By Jonathan Aquino
Saturday Stories
July 3, 2019
I am great fan of Christopher Nolan as screenwriter and director. I like his twists like the twin in "The Prestige" and the spinning top in "Inception." His stories are grounded in logic, like in "The Dark Knight" where the batmobile is a prototype of a military vehicle. In "Interstellar," our astronauts were gone for decades because they landed on a planet next to a black hole, and the extreme gravity caused time to dilate so one hour on the surface became equivalent of seven years on earth.
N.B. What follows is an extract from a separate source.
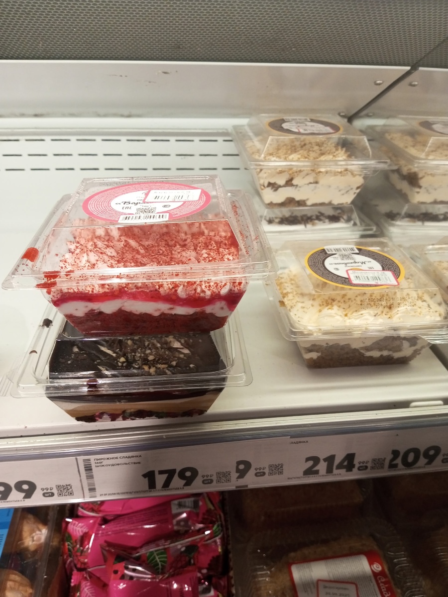 В разделе сладостей представлена богатая линейка десертов, среди которых порционные пирожные, идеальные для чаепития. Маленькие лакомства позволяют попробовать различные вкусы без необходимости покупать целый торт. В ассортименте можно встретить шоколадные и фруктовые десерты, а также пирожное "малиновый бархат", хотя его цена может удивить — 179 рублей за упаковку, в то время как аналоги в других сетях значительно дешевле.

Time is relative, not a universal constant, like the one by Planck, as we first thought. Einstein says, in simplest terms, that time slows down the faster you go. This naturally brings us to the Twin Paradox, where one stays on earth and the other one goes to space at the speed of light then comes back. Who is older? The one on earth will be older because the time for the one in space would have moved slower. So how could one twin be much older? That's the paradox.
Hundreds of years before space travel, a tale is told about a boy who vanished for many years, but to him it was only a few days. The story of the young fisherman Urashima Taro was a famous story with many versions in Ancient Japan. Taro rescues a sea turtle, who would later reward him by taking him to the Dragon Palace of the Sea King. There he met and fell in love with the Sea Princess, Otohime Sama, and they got married.
He was happy, but soon he felt homesick. He told his wife that he wanted to visit his parents. She reluctantly agreed, and she gave him a sealed box and told him never to open it, which doesn't make any sense at all. And so, Taro went home, but everything was different, and he knew no one, and no one knew him. They told him that a boy named Urashima Taro used to live in his house and he went to the Dragon Palace and was never seen again, but that was three hundered years ago.